Ibnu Hanbal hafal Al-Quranul Karim, mempelajari Ilmu Bahsa, dan belajar membaca dan
menulis di diwan (tempat belajar dan menulis). Ibnu Hanbal pertama kali belajar kepada
Abu yusuf Yakub bin Ibrahim Al-Qadhi, murid abu hanifah kepadanya ia belajar hadist dan
fiqih, karenanya Abu Yusuf dikenal sebagai guru pertama Ibnu Hanbal. Namun pengaruh
Abu Yusuf tidak begitu kuat tertanam dalam jiwa Ibnu Hanbal sehingga ada yang
berpendapat bahwaa Abu Yusuf bukan guru pertamanya. Sementara guru pertamanya
adalah Hasyim bin Basyir bin Kazim Al-Wasiti, karena ia adalahguru yang palin kuat
pengaruhnya kepada Inbu Hanbal, Ibnu Hnbal berguru kepadanya selama empat tahun.
Disela-sela berguru kepada Hasyim, Ibnu Hanbal juga berguru kepada Umair bin Abdullah
bin Khalid, Abdurrahman bin Mahdi, dan Abu bakar bin Iyasy. Imam SyafiI adalah salah satu
guru dari Ibnu Hanbal, bahkan ada yang mneganggap bahwa SyafiI merupakan guru kedua
dari ibnu hanbal setelah Hasyim. Muhammad bin ishaq bi Khuzaimah mangatakan Ahmad
bin Hanbal tidak lain hanyalah merupakan salah satu pelayan SyafiI. ia juga berguru
kepada Ibrahim bin Saad, Yahya Al-Qathan, Waki juga berguru kepada Sufyan bin Uyainah
(pengganti Imam Malik).
Adapun sumber hukum dan metode istinbath Imam Ahmad ibn Hanbal dalam menetapkan
hukum adalah:

1. Nash dari Al-Quran dan Sunnah yang shahih.

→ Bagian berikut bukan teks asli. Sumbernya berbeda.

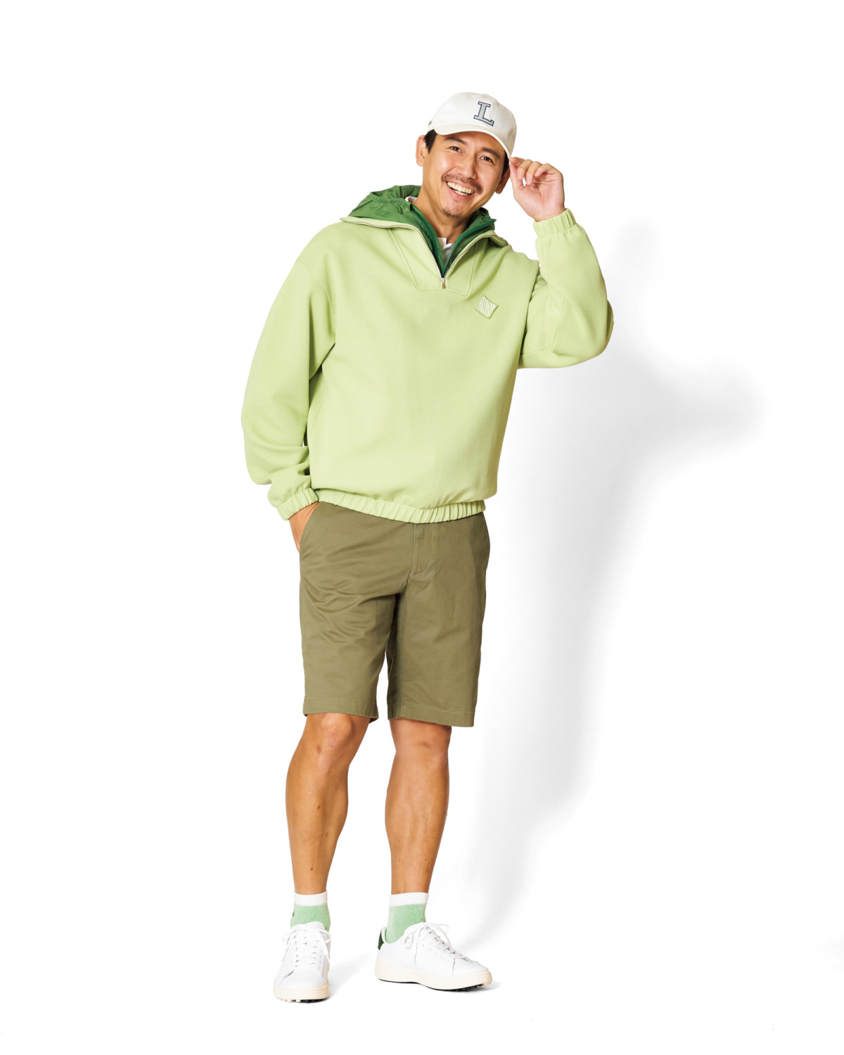 インラインコレクションからシーズナルカラーのセンチャカラーアイテムを使用し、爽やかなゴルフルックを完成。デイリーでも着回し可能なスタイリング。キャップ¥7,700、ハーフジッププルオーバー ¥25,300、パッカブルフーディ ¥27,500、ポロシャツ¥17,600、ショーツ¥13,200(5月発売予定)、ソックス¥1,870、シューズ¥15,950(すべてラコステ)、その他 スタイリスト私物
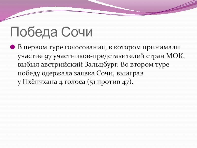 участников-представителей стран МОК, выбыл австрийский Зальцбург. Во втором туре победу одержала заявка Сочи,
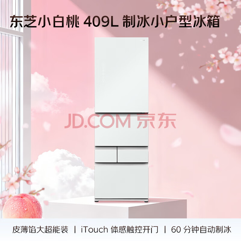 商品相册:东芝(TOSHIBA)小白桃409L五门日式多门冰箱429嵌入式自动制冰玻璃面板小户型GR-RM429WE-PG2B3第
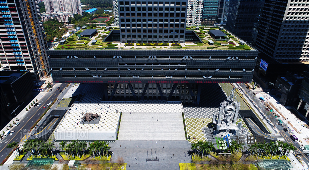 深交所由方正的塔樓和空中懸挑的裙樓所組成,大廈底座被抬升至30多米形成一個(gè)巨大的“漂浮平臺(tái)”。
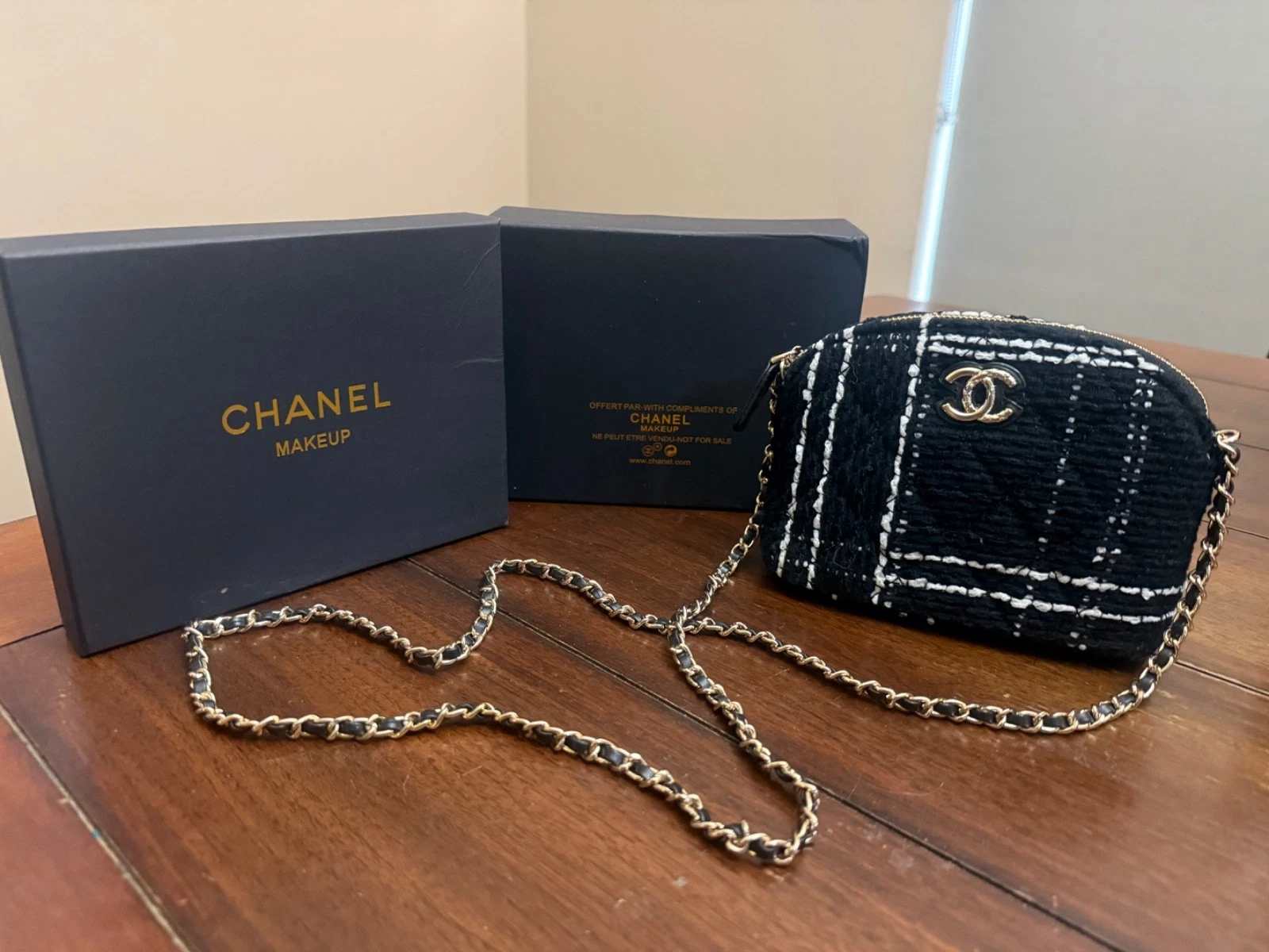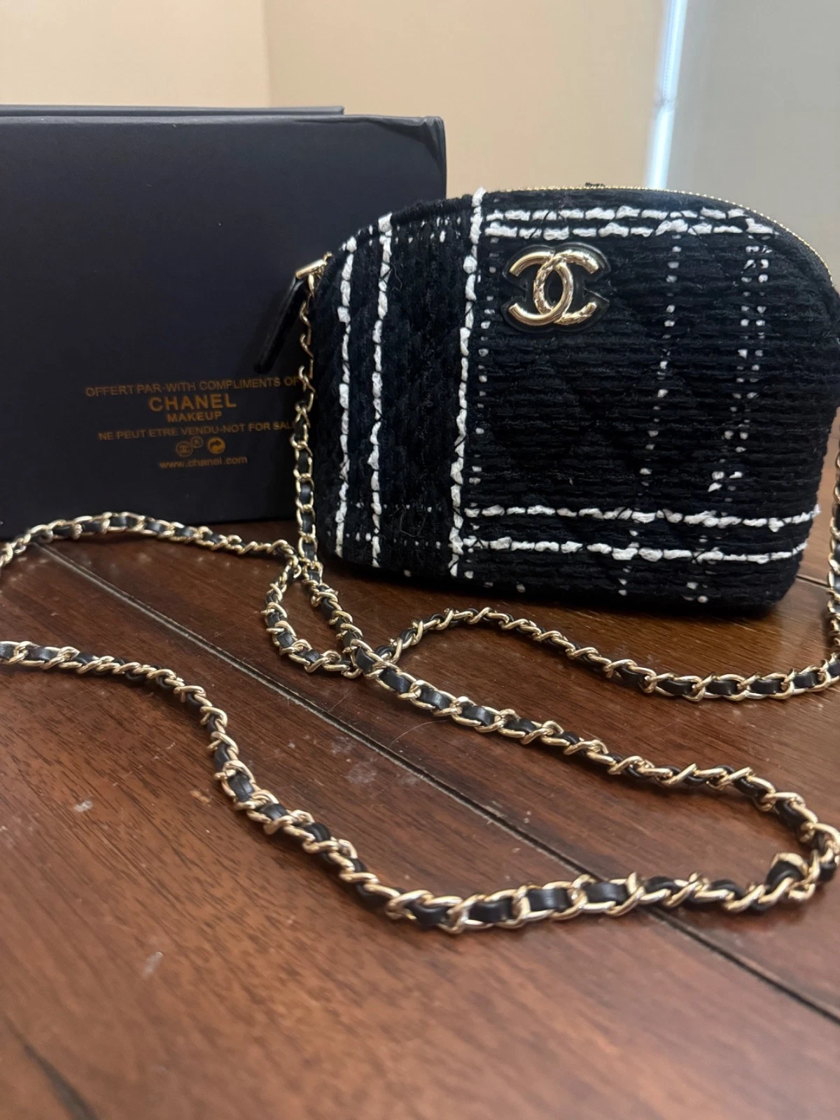 Chanel Mini Black Tweed GWP novelty crossbody purse

Apabila beliau telah mendapati suatu nash dari Al-Quran dan dari Sunnah Rasul yang
shahihah, maka beliau dalam menetapkan hukum adalah dengan nash itu.
2. Fatwa para sahabat Nabi SAW
Apabila ia tidak mendapatkan suatu nash yang jelas, baik dari Al-Quran maupun dari hadits
shahih, maka ia menggunakan fatwa-fatwa dari para sahabat Nabi yang tidak ada
perselisihan di kalangan mereka. Apabila terdapat perbedaan di antara fatwa para sahabat,
maka Imam Ahmad ibn Hanbal memilih pendapat yang lebih dekat kepada Al-Quran dan
Sunnah.

3. Hadits Mursal dan Hadits Dhaif


Apabila ia tidak menemukan dari tiga poin di atas, maka beliau menetapkan hukum dengan
hadits mursal dan hadits dhaif. Dalam pandangan Imam Ahmad ibn Hanbal, hadits hanya
dua kelompok yaitu, hadits shahih dan hadits dhaif.

4. Qiyas
Apabila Imam Ahmad ibn Hanbal tidak mendapatkan nash dari hadits mursal dan hadits
dhaif, maka ia menganalogikan / menggunakan qiyas. Qiyas adalah dalil yang digunakan
dalam keadaan dharurat (terpaksa)

5. sadd al-dzarai
yaitu melakukan tindakan preventif terhadap hal-hal yang negatif.